O porta-voz do Ministério das Relações Exteriores da China, Lin Jian, afirmou em uma coletiva de imprensa regular nesta quarta-feira que os países relevantes não são partes no Mar do Sul da China e não têm posição para interferir nas questões marítimas entre os países envolvidos.
Lin fez o comentário em resposta a uma pergunta sobre as recentes declarações da ministra das Relações Exteriores da Austrália, Penny Wong, a respeito do Mar do Sul da China.
Lin disse que a China deixou clara sua posição sobre o ataque malicioso do pessoal filipino contra autoridades chinesas de aplicação da lei.
Os países em questão fecharam os olhos para os fatos evidentes das atividades de violação e provocações das Filipinas, fizeram acusações infundadas contra a China e ressuscitaram a "decisão arbitral sobre o Mar do Sul da China", que é ilegal, nula e sem efeito. A China se opõe firmemente a tais ações, observou ele.

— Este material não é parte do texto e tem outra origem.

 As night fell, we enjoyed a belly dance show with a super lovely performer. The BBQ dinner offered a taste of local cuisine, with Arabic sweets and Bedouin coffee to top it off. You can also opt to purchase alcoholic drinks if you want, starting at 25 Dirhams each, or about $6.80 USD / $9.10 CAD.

Com os esforços conjuntos da China e dos países da ASEAN, a situação no Mar do Sul da China está, de modo geral, estável, disse Lin, acrescentando que a causa principal da tensão no mar reside nas atividades deliberadas de violação e nas provocações das Filipinas.

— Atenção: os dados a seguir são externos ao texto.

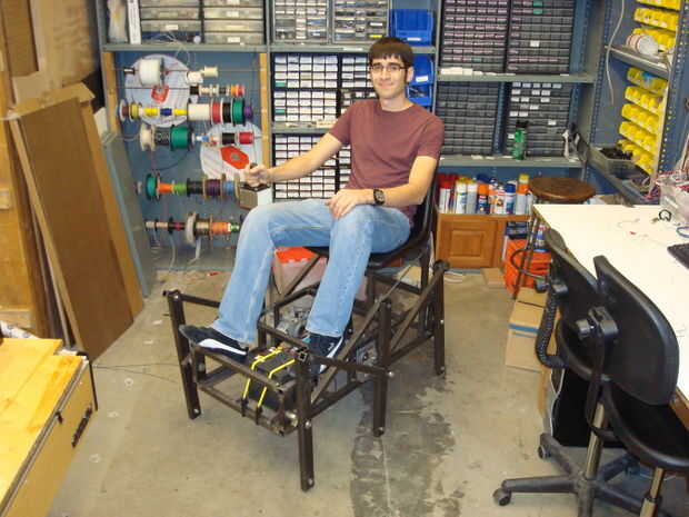 Por lo general, la mayoría de los proyectos de robótica que he hecho han sido en la pequeña escala, no exceda de un pie en su mayor dimensión. Con la reciente donación de un sillón de ruedas eléctrico para el Club de robótica CMU, estaba intrigado por la idea de utilizar los motores de la silla de ruedas en algún tipo de proyecto. Cuando planteó la idea de hacer un a gran escala algo con Mark Gross, el profesor de CMU que enseña a hacer cosas interactivas, los ojos encendidos como un niño en la mañana de Navidad. Su respuesta fue "¡ adelante!"

"Os países relevantes não são partes no Mar do Sul da China e não têm posição para interferir nas questões marítimas entre os países envolvidos", disse ele.
"Aparentemente, sempre que algo acontece no mar, os mesmos poucos países apontam imediatamente o dedo para a China, independentemente de quem seja exatamente o culpado", disse Lin. "Eles estão tentando manter a paz e a estabilidade no Mar do Sul da China ou simplesmente desestabilizar a região? Acho que a resposta é bastante clara", acrescentou.
"Pedimos aos países em questão que parem de exacerbar as tensões e semear o confronto, e que respeitem sinceramente os esforços dos países da região em prol da paz e da estabilidade no Mar do Sul da China", disse ele.
A China continuará a salvaguardar firmemente sua soberania, direitos e interesses de acordo com a lei, lidando adequadamente com as disputas marítimas com as partes envolvidas por meio do diálogo e da consulta, trabalhando com os países da ASEAN para implementar de forma plena e eficaz a Declaração sobre a Conduta das Partes no Mar do Sul da China e avançando nas consultas sobre um código de conduta no Mar do Sul da China, a fim de salvaguardar conjuntamente a paz e a estabilidade na região, destacou Lin.
Sobre o lançamento de teste, a China deixou clara sua posição mais de uma vez, disse Lin, acrescentando que o lançamento é uma atividade de treinamento de rotina das Forças Armadas chinesas.
"Não é direcionado a nenhum país ou alvo específico. O lado chinês havia notificado previamente os países relevantes, incluindo a Austrália, em conformidade com o direito internacional e a prática internacional consuetudinária", ressaltou ele.